The problem with one agent doing everything
I've been coding with AI assistants for over three years now. The pattern is always the same: you give the agent a meaty task, it starts brilliantly, and somewhere around the 40% mark it starts drifting. It forgets constraints from earlier in the conversation. It makes architectural decisions mid-implementation that contradict the plan. It mixes "what should we build" with "how do we build it" until neither is done well.
This isn't a model quality issue. I've seen it with every generation. The root cause is that planning and implementation are fundamentally different cognitive modes, and cramming both into one context window degrades both.
The fix: two roles, one loop
I started doing something simple: one AI conversation to plan (write specs, break work into tickets with acceptance criteria), and a separate conversation to implement (pick up a ticket, write the code, nothing else). The planner never touches code.

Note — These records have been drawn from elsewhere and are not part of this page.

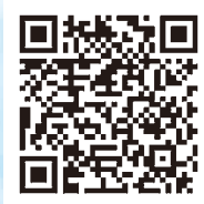
日本遺産「鯨とともに生きる」 史跡スポット

※一部チェックインスポットではない史跡や店舗も掲載しておりますのでご注意ください。
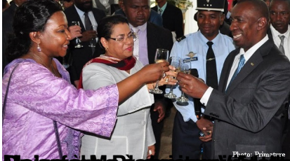
Le ministre malgache des Affaires étrangères, Andriamandiso Andriamanelo, lors de la Journée de l'ONU 2016 à New York.
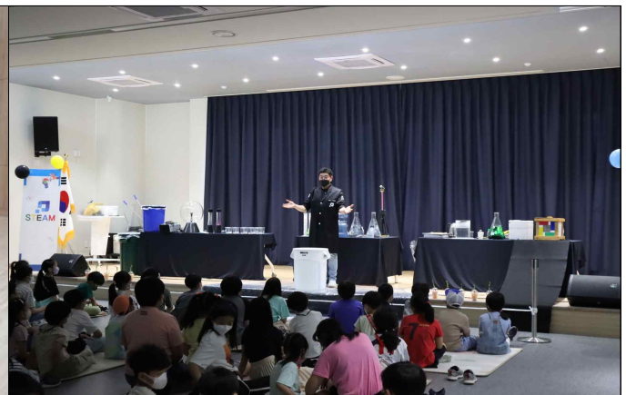
<마산도서관 사이언스 매직쇼 운영 사진>
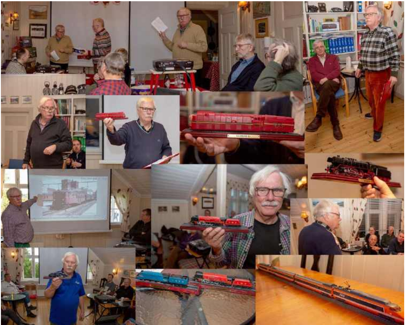
Kjells hjørne har inneholdt mange godbiter, fra amerikansk lok for enkle skogsbaner til fransk første generasjon TGV høyhastighetstog.
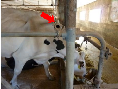
〈立ち位置を調整するバー〉 牛床の前方に立つと牛床を汚すため設置。 このバーがあると、遠くのエサに届きにくくなるため、 エサ寄せは欠かせません！
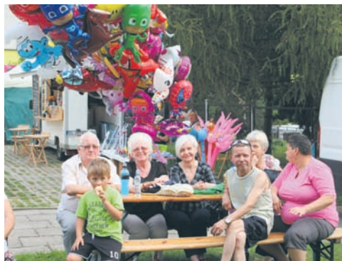
Na festynie można było spotkać młodszych i starszych mieszkańców dzielnicy.

The coder never makes architectural decisions.
The improvement was immediate. Specs got sharper because the planning agent wasn't distracted by implementation details. Code got cleaner because the coding agent had a clear, bounded task instead of an open-ended goal.

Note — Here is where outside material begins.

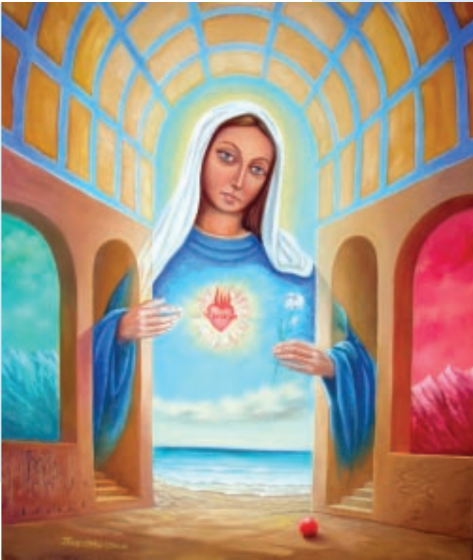
Edo Tuz „xxx”

Pojęciem sacrum określa się zazwyczaj to, co święte (z łaciny sacer - święty). Jest to podstawowa jakość i kategoria wszelkich religii pozwalająca odróżnić i oddzielać je od wszystkiego, co świeckie. Potocznie sacrum utożsamia się z tym co religijne, ale na terenie sztuki takie definiowanie nie jest zasadne, albowiem sztuka religijna jest zawsze związana z określoną religią i powinna być zgodna z jej doktryną. Sztuka dotykająca sacrum może wymykać się poza schemat doktryny i zazwyczaj bywa otwarta na nowe myślenie i widzenie a religijne sacrum jest dla niej, chociaż nie zawsze, tylko inspiracją, tworzywem, ale też finalnym sensem nie dającym się dookreślić w sposób zgodny z jakkolwiek religią. Tego typu zjawiska artystyczne określa się jako irreligijne mianem antysztuki.
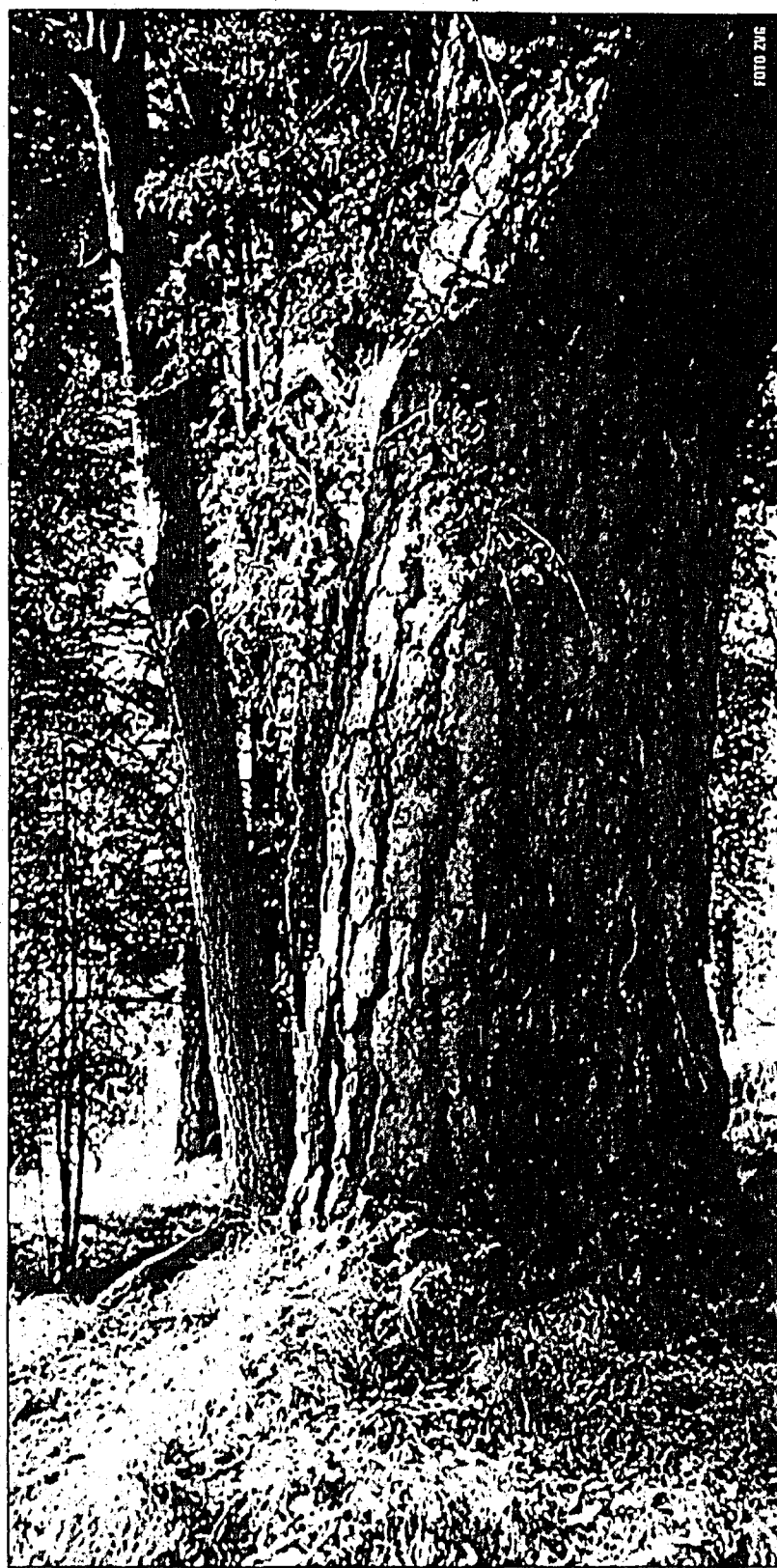
Die Hitze und die Trockenheit dieses Sommers machen den Wäldern arg zu schaffen.

Waldbrände haben während der diesjährigen Hitzewelle in ganz Europa gewütet. In Spanien, Portugal, Italien und Griechenland hat sich die durchschnittlich vollständig abgebrannte Fläche seit den 60er-Jahren vervierfacht. Dieses Jahr war das verhängnisvollste seit Beginn der Messungen. Und jetzt droht eine neue Gefahr: Überall in Europa sind die Böden vertrocknet. In weiten Teilen Europas ist zwischen März und Juli lediglich die Hälfte der üblichen Regenmenge gefallen, ein grosser Teil davon in kurzen, heftigen und lokalen Regengüssen. Eine weitere Schwächung durch Trockenheit und Feuer verkraften die europäischen Wälder nicht mehr. Sie zeigen ernste Stresssymptome. Eines davon ist das Abwerfen der Blätter (und Nadeln). Normalerweise ist gelbes Laub auf dem Boden ein erstes Anzeichen von Herbst –

But managing this manually was tedious. Copy-pasting tickets between conversations, keeping track of what's done, making sure the coder's output actually met the acceptance criteria -- it was a lot of overhead.
Automating the loop
So I built cestDone, a CLI that orchestrates this Director/Coder cycle:
- The Director reads your codebase and your goal, then produces a set of tickets with clear acceptance criteria
- The Coder picks up tickets one at a time and implements them
- The orchestrator manages the handoff, tracks status, and keeps the loop going
Each agent stays in its lane. The Director's context is filled with architecture, requirements, and codebase structure. The Coder's context is filled with the specific ticket and the relevant code files. Neither is polluted with the other's concerns.
It also has a daemon mode with a built-in scheduler -- cron schedules, webhook listeners, and pollers -- so you can trigger the cycle automatically against incoming issues without babysitting it.
What I learned
The Director is the harder role to get right. A bad spec produces bad code no matter how good the Coder is. I spent more time tuning the Director's prompts and context than anything else. The key was giving it enough codebase context to write realistic tickets, but not so much that it lost focus on the goal.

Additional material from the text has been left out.